Transcribe, exactly and without pictures, the lines below from the line with "Врач-психиатр, психотерапевт. Занимается" to the line with "Mosquito Blower that", both ends included, and no others.

(Data supplied begins)

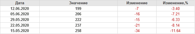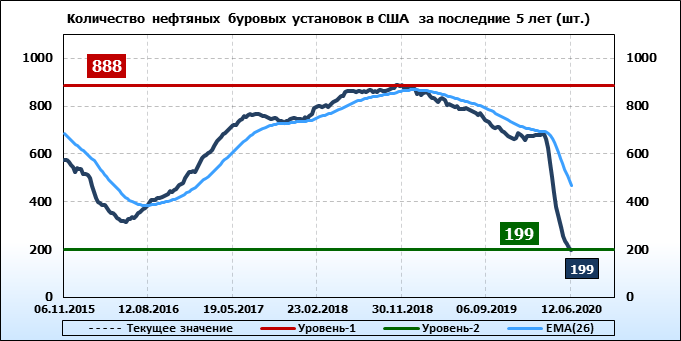 По сообщению Baker Hughes количество нефтяных буровых установок в США на 12.06.20 составило 199 штук. За неделю количество буровых установок упало на 7 единиц. На прошлой неделе количество установок, которые прекратили работу составило 7 единиц. В течение прошедшей недели ни одна установка в строй не вводилась. Видим, что по итогам недели падение числа установок незначительное.
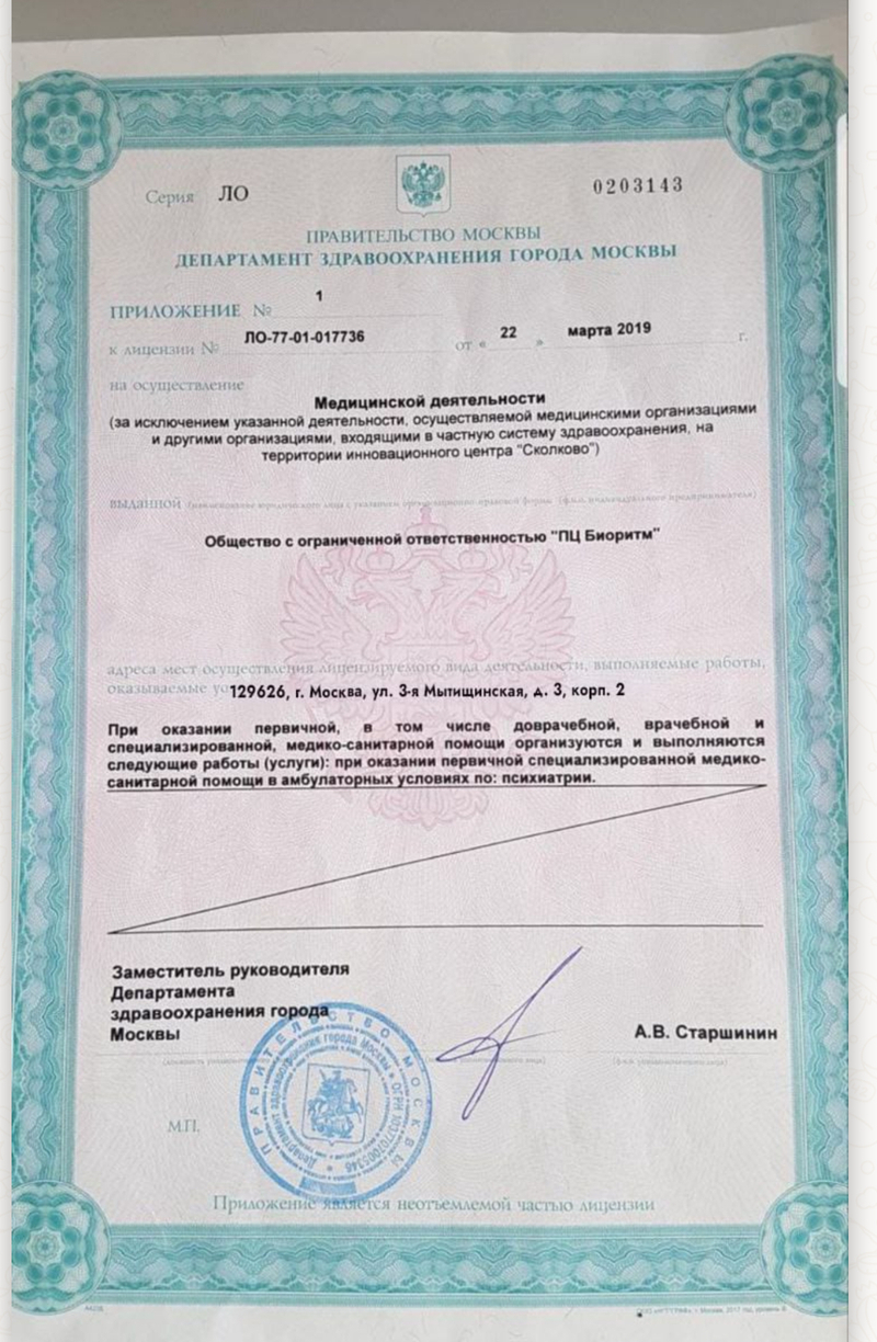 Врач-психиатр, психотерапевт. Занимается психосоматическими расстройствам, паническими атаками, семейной терапией, повышенной нервозностью, тревожными и фобическими состояниями, лечением депрессии, лечением нервной анорексии, ожирения и метаболического синдрома, сексуальной дисфункции, а так же скорой психотерапевтической и психиатрической помощью.
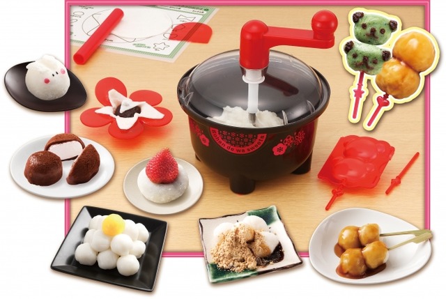 また、ごはんの他にも上新粉や白玉粉の生地を使ったいちご大福や、付属のおだんご型を使用することで、くまの形のおだんごなど、さまざまなバリエーションのもち生地の和菓子を作ることができます。生地をこねる作業をポット内で行うため、材料を散らかすことなく調理を行えることが特徴です。お月見やお正月など、これからの季節行事に合うクッキングトイです。
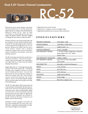 Klipsch RC-52 - Brochure
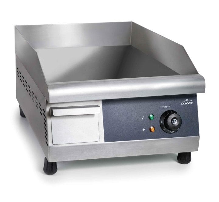 Grill profissional de aço inoxidável com chapa lisa de aço laminado e rectificado, para um aquecimento uniforme durante o cozinhado.
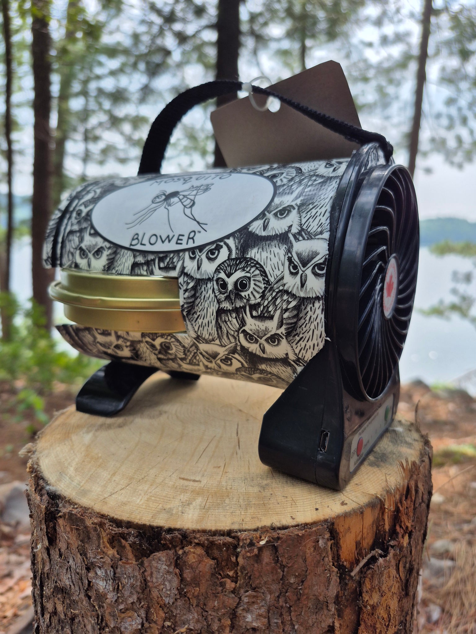 Mosquito Blower that is designed to use mosquito coil pics for controlling mosquitoes, with a specific emphasis on being an outdoor product made in northern Ontario. The use of a mosquito coil holder with a special groove and lock- in system for the coil holder is highlighted as a user-friendly feature.
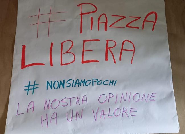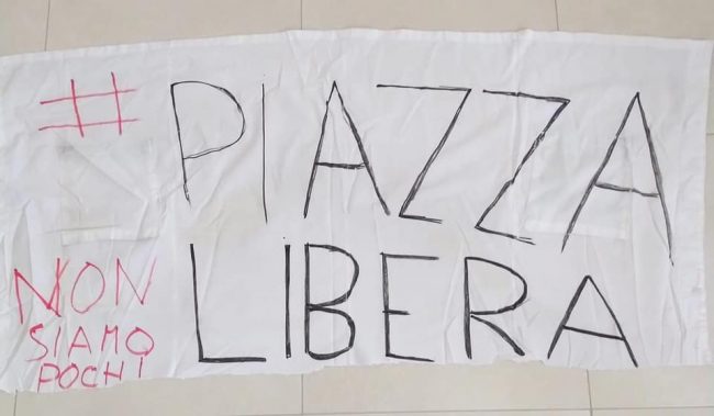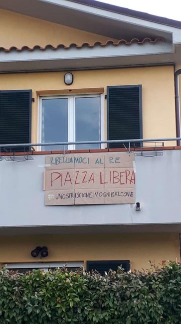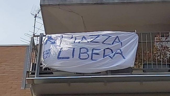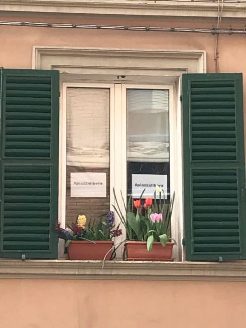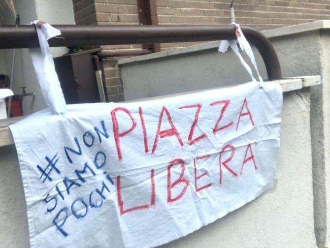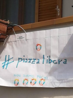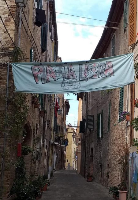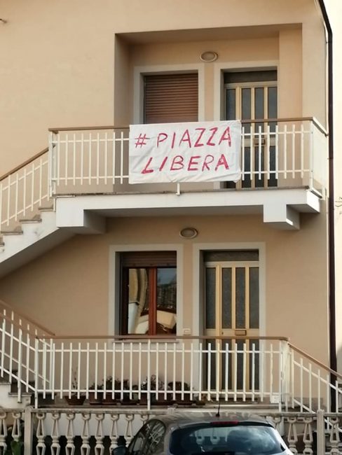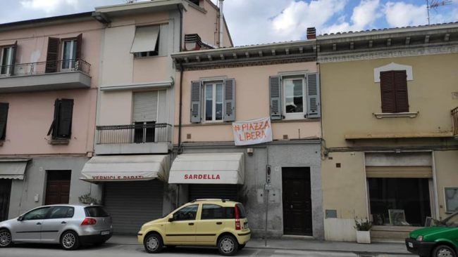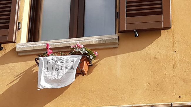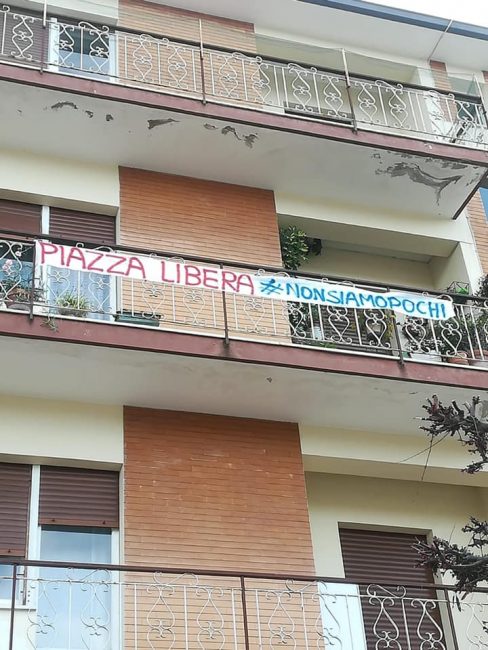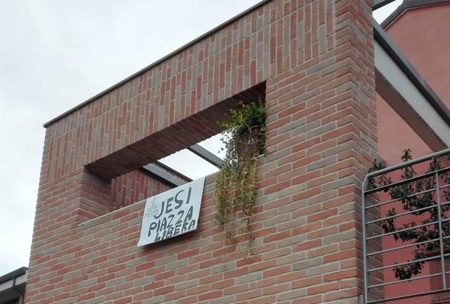 La manifestazione del Comitato ‘Piazza Libera’ invitava a esporre uno striscione in ogni balcone di Jesi per dire no allo spostamento della fontana dei leoni da piazza Federico II e piazza della Repubblica.
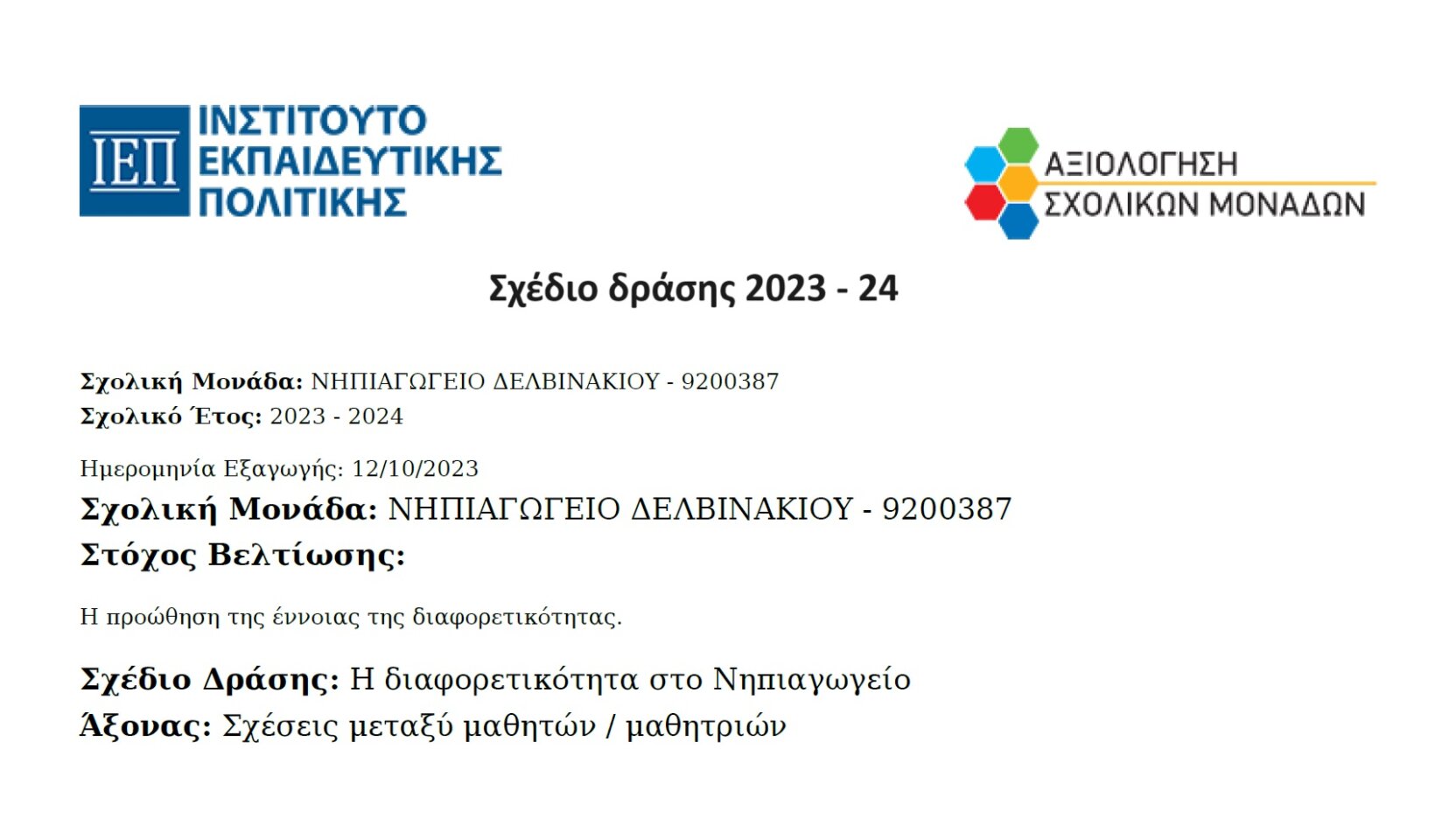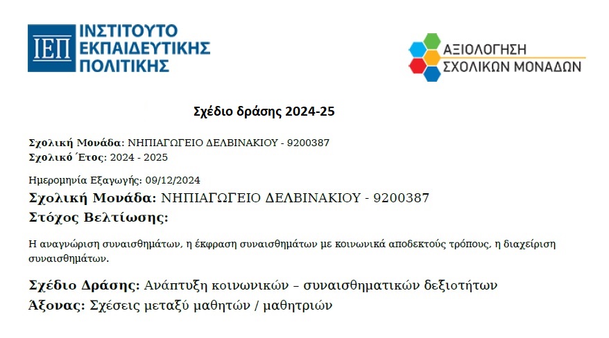 Σχέδιο Δράσης Παρατίθενται τα σχέδια δράσης που εκπονεί η σχολική μονάδα ανά σχολικό έτος, κατά τα οριζόμενα στο άρθρο 33 του ν.4692/2020. Σχέδιο Δράσης 2024 – 2025 Σχέδιο Δράσης 2023 – 2024

(Data supplied ends)

The answer |
 Врач-психиатр, психотерапевт. Занимается психосоматическими расстройствам, паническими атаками, семейной терапией, повышенной нервозностью, тревожными и фобическими состояниями, лечением депрессии, лечением нервной анорексии, ожирения и метаболического синдрома, сексуальной дисфункции, а так же скорой психотерапевтической и психиатрической помощью.
 また、ごはんの他にも上新粉や白玉粉の生地を使ったいちご大福や、付属のおだんご型を使用することで、くまの形のおだんごなど、さまざまなバリエーションのもち生地の和菓子を作ることができます。生地をこねる作業をポット内で行うため、材料を散らかすことなく調理を行えることが特徴です。お月見やお正月など、これからの季節行事に合うクッキングトイです。
 Klipsch RC-52 - Brochure
 Grill profissional de aço inoxidável com chapa lisa de aço laminado e rectificado, para um aquecimento uniforme durante o cozinhado.
 Mosquito Blower that is designed to use mosquito coil pics for controlling mosquitoes, with a specific emphasis on being an outdoor product made in northern Ontario. The use of a mosquito coil holder with a special groove and lock- in system for the coil holder is highlighted as a user-friendly feature.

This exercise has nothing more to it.